President Barack Obama on Monday called on the Federal Communications Commission to treat Internet Service Providers (ISP’s) as common carriers, sort of like television networks such as NBC or CBS. The relevant law is called “Title II.”

As the world wide web was originally conceived by framers such as Tim Berners-Lee, it was characterized by a key, amazing feature. Everybody on the internet was the same distance from everyone else. Thus, whether you are reading this blog in Ann Arbor, Michigan, where my computer connects to the Web, or in Cairo or Jakarta, you have the same access to it. It loads just as fast for you, wherever you are. My blog is just as easy for you to browse as the internet portal of Fox Cable News, owned by billionaire press lord Rupert Murdoch.

This situation has two disadvantages for the wealthy who mostly run the United States. The first is that Internet Service Providers can’t make easy money by charging some publishers more than others, and setting up tiers of service. Thus, they could make it so it would take 60 seconds for my blog to load, since I can’t pay them very much. But then Rupert’s so-called “news” site could load immediately because he could give them millions and not even notice it. Studies have shown that readers won’t wait 60 seconds for a site to load, so this “tiered” service would destroy citizen journalism and leave us with only corporate news on the world wide web.

The second disadvantage for the wealthy of net neutrality is that they cannot use gate keepers like newspaper editors to control the free circulation of views and information on the World Wide Web. Everyone with a keyboard and an internet connection can publish, and publish for a mass audience. In the early 20th century there was a quip that anyone could own a newspaper, all you needed was a million dollars. Factory workers could publish cyclostyled (don’t ask) newsletters. But large-circulation newspapers were the province of the wealthy, and then information could be presented to the public from the point of view of the wealthy. (The wealthy don’t all agree with one another, so of course you still had liberal and conservative newspapers, but in the US you had few large-circulation socialist ones.
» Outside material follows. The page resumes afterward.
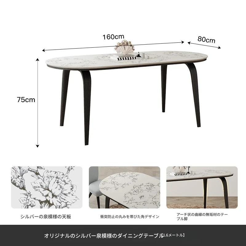 原版シルバー山泉模様ダイニングテーブル【1.6メートル】

The lines of acceptable viewpoints were drawn so as to position the public to the right of center, even though it wasn’t and isn’t if left to its own devices).

A tiered world wide web would restore some of the lost ability of the wealthy to control the spin put on news. We know what that spin typically is. There are no labor reporters at any major metropolitan newspaper. Major labor actions are often not reported on at any length. Nor are union workers much featured in the mass media such as television. Wars benefiting munitions corporations are reported on positively. The dangers of fossil fuel consumption are discounted. In a business-class world, it is people with capital who matter and on whom reporters are told to concentrate. We’ve all heard of Donald Trump or the Koch brothers. Richard L. Trumka and Linda Chavez-Thompson of the AFL CIO are, let us say, less prominent. Even less prominent are climate scientists like Michael Mann. And, of course, northern Europeans are generally more newsworthy than people originating in other parts of the world. Race and class are not evenly distributed in the informational world of US corporate media.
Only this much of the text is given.